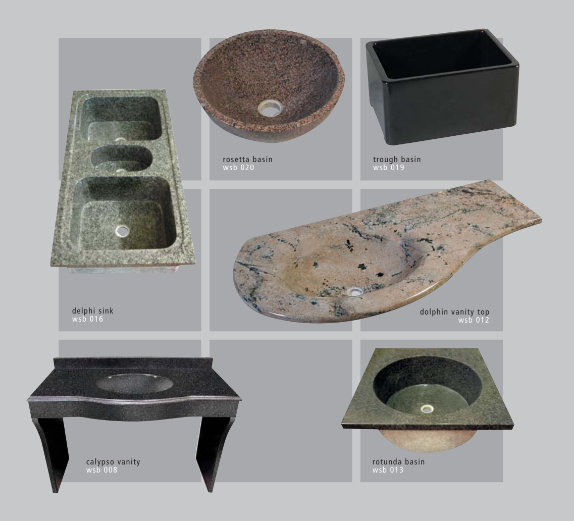
unique hand-crafted designer basins
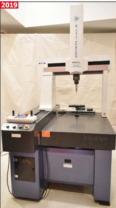
MITUTOYO CRYSTAL-APEX S574 CMM
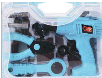
Kids tool kit - unsafe
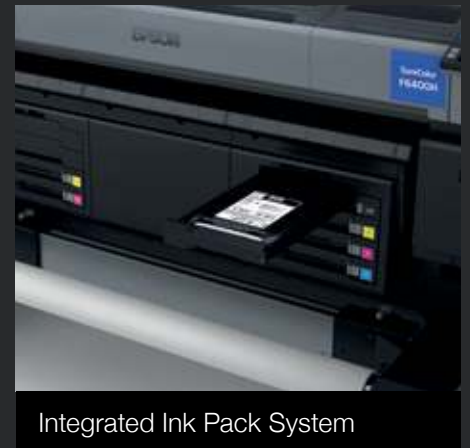
Integrated Ink Pack System
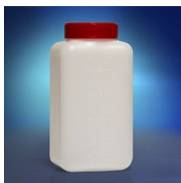
Square bottle 1L HDPE
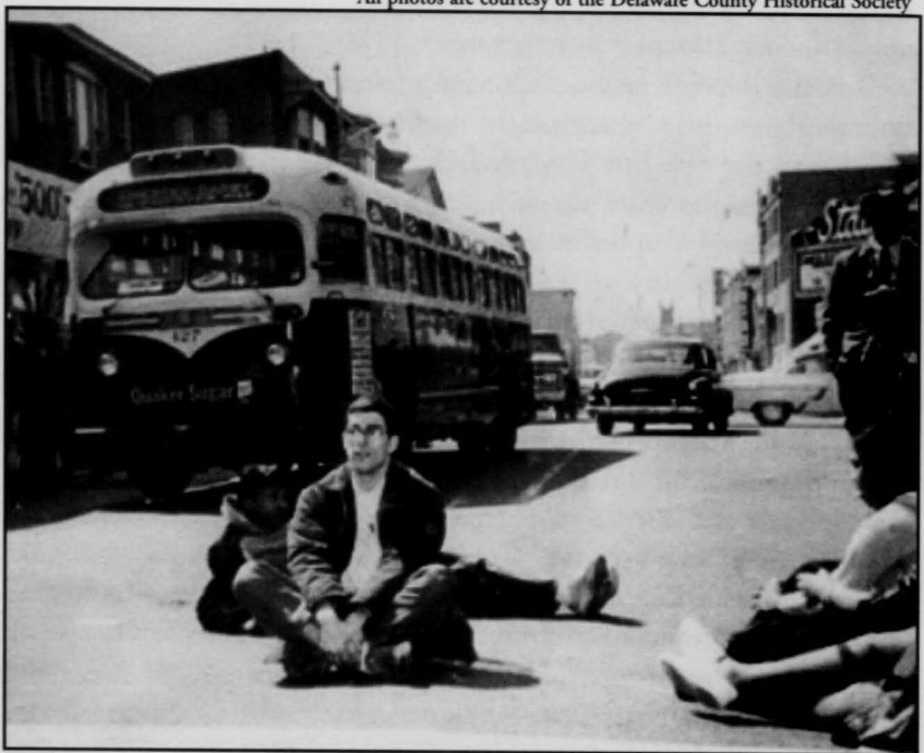
Street sit-in, Good Friday, March 1964

§ Exercise prompt: Only the lines from the one containing "MITUTOYO CRYSTAL-APEX S574 CMM" through the last line of the entries above belong in the copy; reproduce them exactly and drop every picture.

§ Completed task:
MITUTOYO CRYSTAL-APEX S574 CMM
Kids tool kit - unsafe
Integrated Ink Pack System
Square bottle 1L HDPE
Street sit-in, Good Friday, March 1964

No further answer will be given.